Our results also showed a significantly higher risk of CVD mortality in participants with osteoporosis than in those without (Log-rank test P < 0.001, Fig 2). In the multivariable Cox proportional hazards model adjusted for potential confounders, participants with osteoporosis had a 1.55 – fold higher risk of CVD mortality compared to those without (HR = 1.55, 95%CI = 1.06–2.28, P = 0.025) (Table 2, Model 3) (Fig 3).
In the multivariable Cox proportional hazards model of the propensity – matched data, after adjusting for potential confounding factors, osteoporosis was associated with a 1.32 – fold increased risk of all – cause mortality compared to non – osteoporosis (HR = 1.32, 95% CI = 1.03–1.67, P = 0.026). However, osteoporosis was not significantly associated with CVD mortality compared to non – osteoporosis (S1 Table).
Stratification and sensitivity analysis
Stratified analyses of subgroups (age, sex, smoking status, hyperlipidaemia, hypertension, diabetes) showed no interactions (P for interaction>0.05, Figs 4 and 5). Similarly, analyses stratified by alcohol – consumption levels (light, moderate, heavy) indicated robust results (P for interaction>0.05, Fig 6). Sensitivity analyses revealed no significant differences between included and excluded participants. Even after excluding patients with missing values, the link between osteoporosis and all – cause/CVD mortality remained significant.
Discuss
In this large prospective cohort study of alcohol consumers, we observed a positive correlation between osteoporosis and risks of all – cause and CVD mortality, with HRs of 1.60 (95%CI = 1.26–2.03) for all – cause mortality and 1.55 (95%CI = 1.06–2.28) for CVD mortality. The significant associations between osteoporosis and event – based all – cause/CVD mortality were consistent across subgroups defined by age, smoking status, and CVD risk factors (diabetes, hypertension, hyperlipidemia). Sensitivity analyses also confirmed the robustness of the results.

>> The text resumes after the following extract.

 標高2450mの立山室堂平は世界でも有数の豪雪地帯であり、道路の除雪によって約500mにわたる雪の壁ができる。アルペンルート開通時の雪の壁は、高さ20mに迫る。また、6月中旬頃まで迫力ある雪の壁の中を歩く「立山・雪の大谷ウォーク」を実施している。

Our findings are consistent with prior studies [21,22]. First, individuals with osteoporosis often have comorbidities such as malnutrition and chronic diseases, which may increase mortality risk [23]. Additionally, alcohol consumption itself may negatively affect bone density, worsening the severity of osteoporosis and further elevating mortality [22].
The mechanisms underlying the synergistic effects of osteoporosis and alcohol consumption on cardiovascular disease (CVD) and all – cause mortality risk are multidimensional and interactive [24]. At the biological level, acetaldehyde, a metabolite of alcohol, inhibits osteoblast activity and activates osteoclasts, reducing bone density. Simultaneously, the oxidative stress response induced by acetaldehyde impairs vascular endothelial function and promotes atherosclerotic plaque formation [25,26]. Notably, alcohol – induced disruption of vitamin D metabolism exacerbates bone calcium loss and increases cardiac afterload by up – regulating the renin – angiotensin system, creating a vicious cycle of the “bone - vascular calcification axis”[27].

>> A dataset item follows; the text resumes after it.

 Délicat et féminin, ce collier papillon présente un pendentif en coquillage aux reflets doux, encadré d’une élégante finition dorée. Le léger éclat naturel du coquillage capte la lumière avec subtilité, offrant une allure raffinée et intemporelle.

From a sociological perspective, long – term alcohol consumers often exhibit imbalanced dietary patterns (e.g., low calcium and high sodium intake) and poor exercise adherence [28]. These factors, combined with osteoporosis, form a “social exposome” of metabolic syndrome. Chronic release of inflammatory cytokines accelerates arterial stiffness [29,30]. Clinically, elevated serum bone resorption markers in osteoporosis patients not only reflect bone metabolic disorders but also correlate positively with vascular calcification markers, suggesting that bone – derived factors may directly participate in vascular remodeling via paracrine pathways [31,32].
Furthermore, alcohol – induced activation of hepatic cytochrome P450 enzymes accelerates the metabolism of anti – osteoporosis drugs, leading to treatment resistance. Bone pain and other clinical symptoms may prompt patients to increase alcohol consumption, forming a behavioral feedback loop [33,34]. These multi – system interactions ultimately result in endothelial dysfunction, accelerated cardiac remodeling, and reduced immune surveillance, manifesting as elevated mortality risk.

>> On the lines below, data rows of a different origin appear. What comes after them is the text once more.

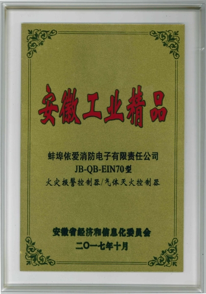 依愛(ài)消防N70火災報警控制器被評為2017年度“安徽工業(yè)精品”
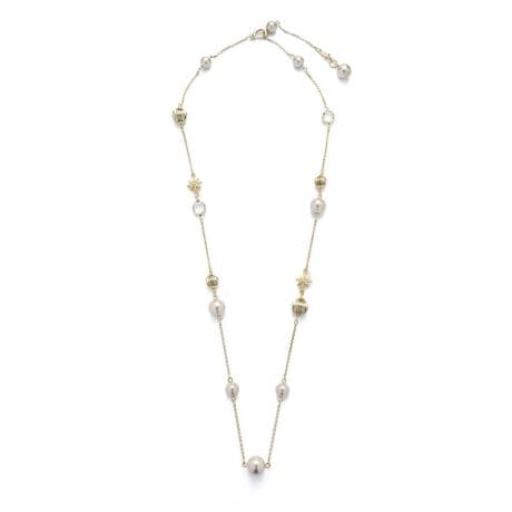 パールやカットガラスなどさまざまなパーツの中に星モチーフを効かせたロングネックレス。
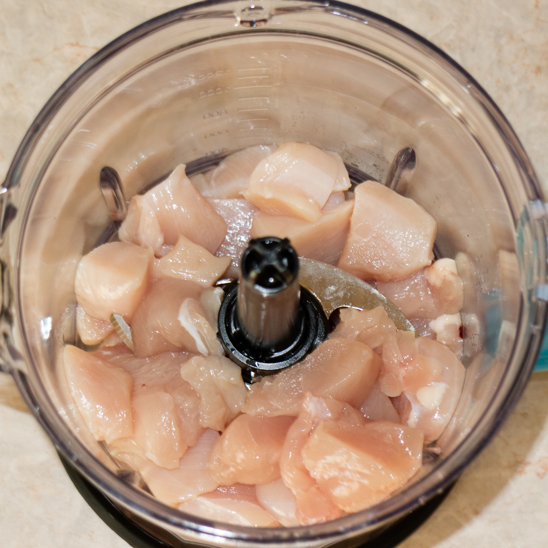 Инструкция рекомендует перемалывать за один раз 200 г мяса. Нарезав филе и поместив в чашу отмеренные по весу кусочки, мы испытали некоторые сомнения. Дело в том, что 200 г мяса для довольно большой емкости — это мало. Курица лежала на дне, даже не достигая верхнего уровня ножей. Поэтому, пренебрегая рекомендациями инструкции, мы поместили в чашу все 500 г филе.
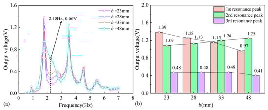 The voltage output variation and the resonance peak voltages of the PEH with different beam widths are shown in Figure 11. As shown in Figure 11a, when the width of the beam varies, the voltage outputs of the PEH show the same variation trend with the excitation frequency, with no change in the resonance frequencies. The voltage output of the first resonance peak decreases as the beam becomes wider, while the second resonance peak voltage increases gradually. As the beam becomes wider, the added mass produced by the liquid increases, causing the first-order immersed natural frequency of the beam to decrease. Consequently, the small peak between the first and second resonance frequencies shifts forward, and its voltage output also increases gradually.
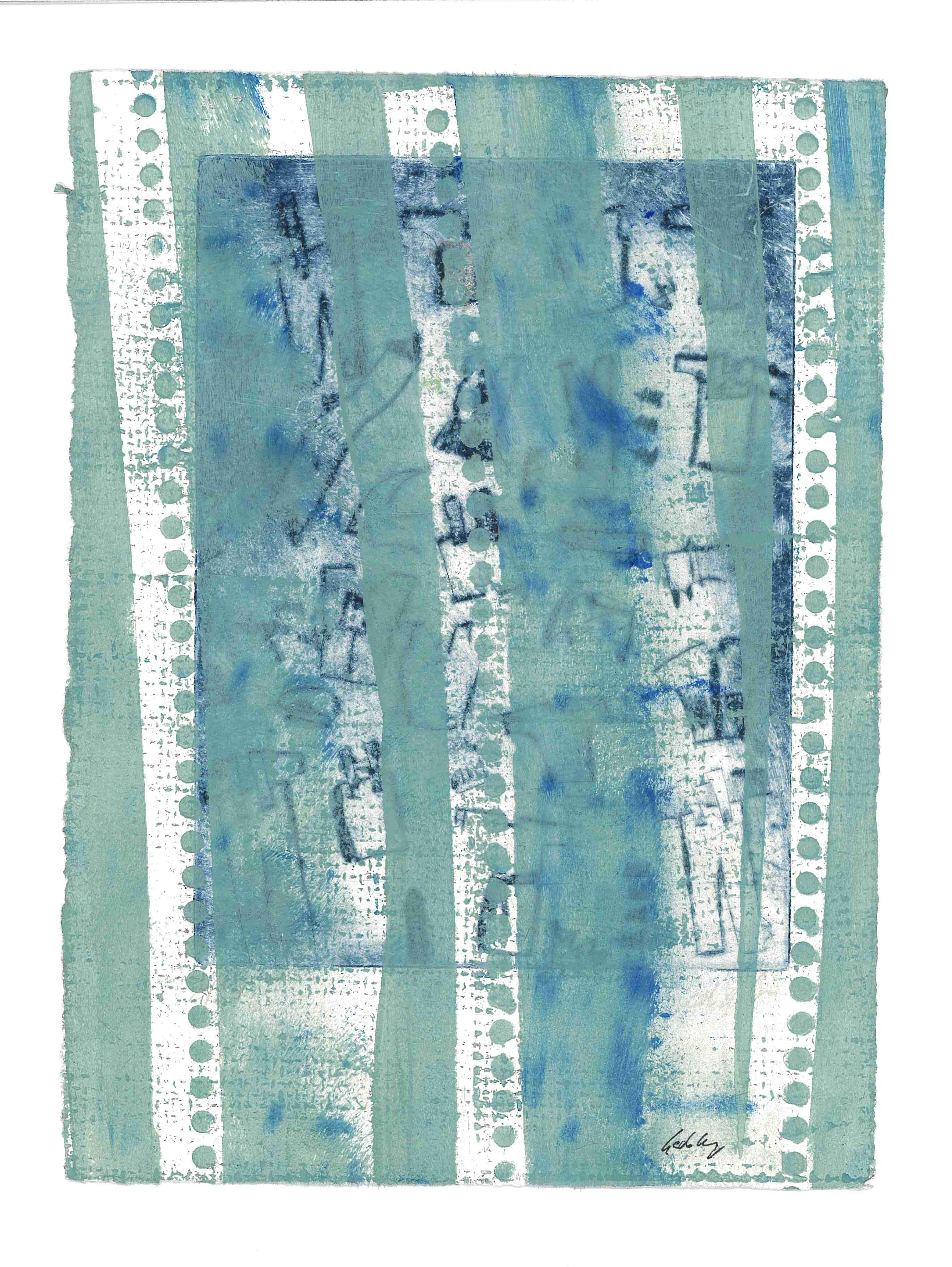 Die Monotypie ist ein Einmaldruck-Verfahren: Dabei wird eine Platte (im A5 oder A4 Format) mit wasserlöslicher Linoldruckfarbe eingewalzt und auf Papier abgedruckt, das man von der Rückseite mit einfachen Zeichnungen gestaltet. In kurzer Zeit entstehen viele Drucke, die auch mit anderen grafischen Techniken nach der Trocknung weitergestaltet werden können, z.B. durch Zuschneiden, Colourieren, Collagieren oder als Hintergrund für weitere Gestaltungen.
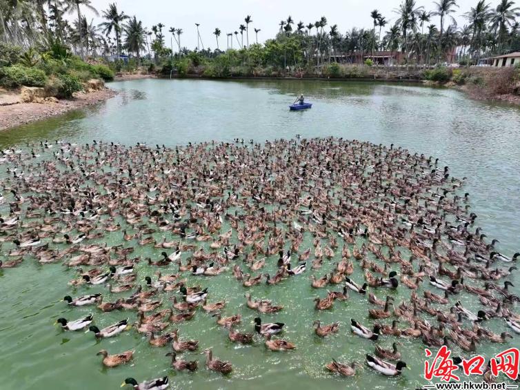 海口网4月20日消息(记者杨玲 特约记者许晶亮)4月16日上午,记者走进海口市琼山区大同村委会山口村绿头水鸭养殖基地,5亩标准化养殖区域规整有序,这里是甲子镇绿头水鸭核心养殖示范点,也是集孵化、育苗、养殖、农旅于一体的全产业链发展基地。
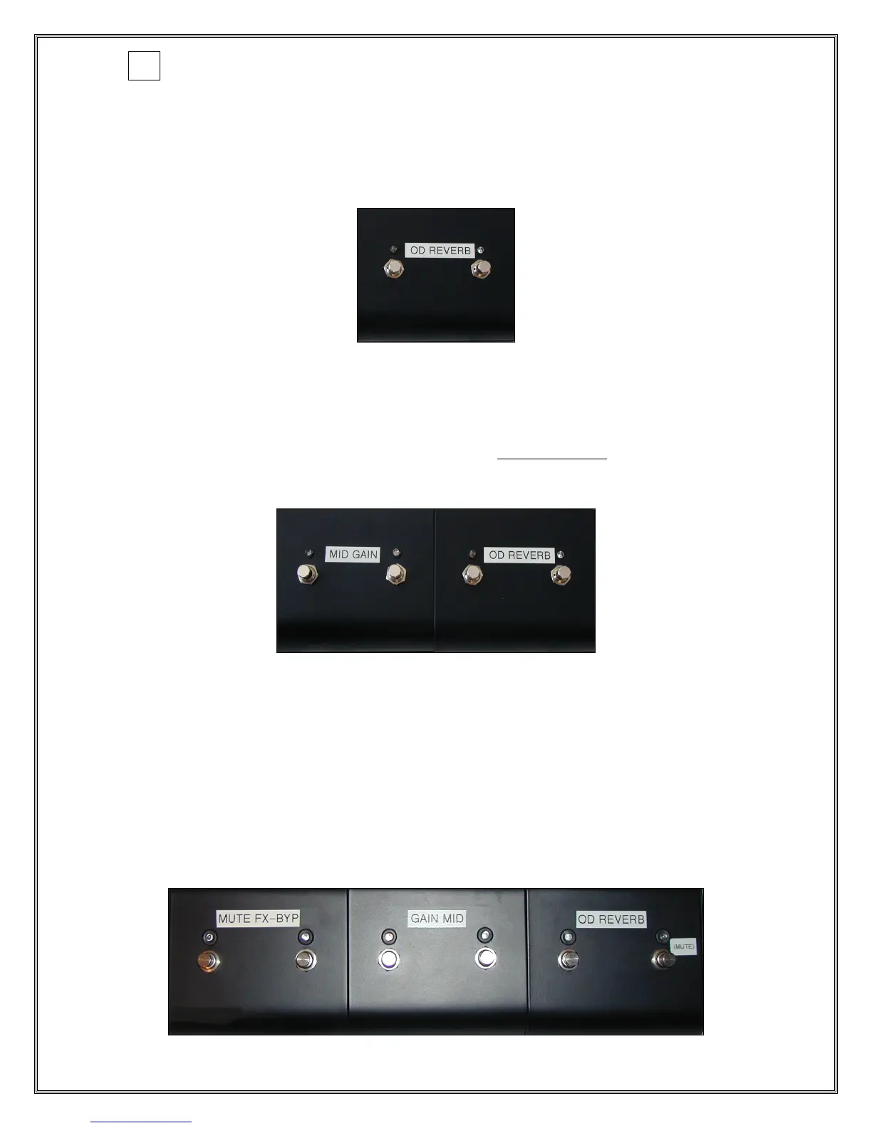 switching and reverb on/off. The artist footswitch requires: HIGH, MID, OUTPUT front

This study, based on NHANES data of alcohol – consuming individuals, provides clear insights into the relationship between osteoporosis and the risks of all – cause and CVD mortality. Its major strengths lie in the large sample size, population – based design, and the ability to examine osteoporosis alongside all – cause and CVD mortality and subgroup – related risks. As a prospective cohort study with strict inclusion and exclusion criteria, it adjusted for various confounders, including demographic, chronic disease, and biochemical indicators, offering a unique perspective with great novelty and clinical significance. However, as an observational cohort study, the design cannot exclude the possibility of reverse causation or residual confounding factors. Participants with missing alcohol – consumption data, non – drinkers, and those with missing osteoporosis data were excluded, which introduced selection bias. Further in – depth studies are needed in view of these limitations. like integrating DXA scans into alcohol cessation programs for clearer guidance to clinicians and policymakers.
Osteoporosis is positively correlated with all – cause and CVD mortality risks in alcohol – consuming individuals. These findings warrant further attention and research to better understand the health impacts of osteoporosis.
Supporting information
S1 Fig. Standardized mean difference plot after propensity score matching.
https://doi.org/10.1371/journal.pone.0327180.s001
(PDF)
S1 Table. Association between osteoporosis and CVD and all-cause mortality after propensity score matching.
https://doi.org/10.1371/journal.pone.0327180.s002
(DOCX)
Acknowledgments
We thank all the participants who volunteered as part of the NHANES. We thank the Free Statistics team for providing technical assistance and valuable tools for data analysis and visualization. The authors acknowledge Jie Liu of the Department of Vascular and Endovascular Surgery, Chinese PLA General Hospital, Huanxian Liu, Department of Neurology, Chinese PLA General Hospital, for his contribution to statistical support, study design consultations, and comments regarding the manuscript.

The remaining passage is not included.